The most obvious sign of a child having strabismus is a noticeable tendency for an eye to drift or turn. This can range from being very obvious (for example a large amplitude, constant eye turn), to occasionally noticed (for example an intermittent, fleeting eye turn), to very subtle and usually only noticed by the main caregiver (for example an eye turn that only happens on looking up to one side).

Other signs include squinting the eyes (furrowing the brow to narrow the eyes when looking at something), closing one eye in bright sunlight, rubbing the eyes, excessive blinking, headaches or complaining of sore, tired eyes.

If you are at all concerned about your child’s eyes, or feel they may have strabismus, it is always best to have their eyes checked with a paediatric ophthalmologist.

Why does it matter if my child has an eye turn?

Paediatric strabismus can have disastrous effects on vision development. An eye that turns, provides the child’s brain with conflicting information. Because a child’s brain is within a plasticity phase known as neuroplasticity, (read more about this here: the child’s brain will often “switch off” the turning eye due to this conflicting information.
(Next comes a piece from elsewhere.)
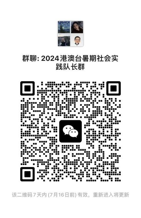 请通知学生团队队长于7月11日前进入微信群,相关要求及后续安排通知将会于群内发布。请各二级学院加强对本单位港澳台学生暑期社会实践团队的管理。

This “switching off” of one eye is known as amblyopia, and if left untreated, amblyopia can cause blindness in the strabismic eye.

In childhood, amblyopia can be treated using occlusion therapy (often referred to as patching). Patching involves covering up the dominant eye with an eye patch for a few hours each day so that the strabismic eye develops neural connections with the brain, thereby strengthening the vision. For more information on amblyopia, please read our previous post on adult strabismus.
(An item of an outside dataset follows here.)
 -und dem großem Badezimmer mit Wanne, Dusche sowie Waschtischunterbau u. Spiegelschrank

Treatment for paediatric strabismus:

The most important factor in treatment of childhood strabismus hinges around vision development. The priority is always given to developing the vision first, rather than correcting the strabismus. Often these treatments go hand in hand, and can be treated at the same time. Depending on the type of eye turn, we may need to treat the vision first, and then treat the strabismus afterwards.
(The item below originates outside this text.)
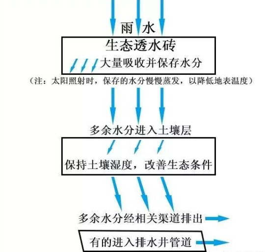 什么是海綿城市?簡言之,就是城市像海綿一樣有彈性,能吸水、蓄水、排水,實現(xiàn)水循環(huán)利用、有效防內(nèi)澇。鋪設(shè)生態(tài)透水磚,是除雨污分流改造外,我市海綿城市建設(shè)的一個重點和亮點。鋪有生態(tài)透水磚的人行道,看上去好像與鋪設(shè)普通磚的人行道沒什么兩樣,但仔細一看就會發(fā)現(xiàn)有所不同,生態(tài)透水磚表面布滿小孔,而普通磚表面比較光滑。這是因為生態(tài)透水磚以礦渣廢料、石屑、普通硅酸鹽水泥為主要原料,設(shè)計有一定孔隙率,經(jīng)高頻振動加壓而成,普通磚則主要用石粉廢渣、低標號水泥等制成。下雨時,生態(tài)透水磚能大量吸收并保存水分,達到飽和狀態(tài)后保存不了的多余水分則透過磚體進入土壤層,從土壤層出來后的多余水分最后經(jīng)相關(guān)渠道排出,有的通過排水井管道排出。而普通磚只能吸收少量水分,大部分水經(jīng)由地表流掉,易導(dǎo)致路面積水。

Here are the most common means of treating paediatric strabismus:

  • Treating amblyopia first (patching). Patching will not directly fix the strabismus of the eye, it aims to correct the vision of the strabismic eye. Often by improving the vision of the eye, we see an improvement to the strabismus of the eye, but it is important to be aware that amblyopia treatment aims to improve vision, not the eye turn.
  • Glasses: Often glasses are prescribed to help manage a paediatric strabismus. Some forms of glasses can help control certain types of eye turns. It is important to note that we will only prescribe glasses where they are absolutely necessary for vision or control of an eye turn.
  • Eye exercises: Eye exercises, often referred to as orthoptic exercises, are only used in select cases of paediatric strabismus. The orthoptists at Sydney ophthalmic specialists are all trained in paediatric orthoptics and will work along side the paediatric ophthalmologist to diagnose and treat strabismus that could benefit from eye exercises.
  • Strabismus surgery: Strabismus surgery is often required for paediatric strabismus. In most cases, all other options are tried first in an attempt to avoid surgery. Your paediatric ophthalmologist will talk to you about the likelihood of your child requiring strabismus surgery. Strabismus surgery for children is performed as a day procedure, but requires a general anaesthetic. Your ophthalmologist will talk you through the steps involved in the surgery. There are also a few very good resources available to explain strabismus surgery to children. Contact our office for further information on this, or visit to find a copy of a useful book to read to your child before they have strabismus surgery. We have a few copies of this book that we can loan out to our patients.


A young baby wearing an eyepatch over the right eye to treat amblyopia in the left eye.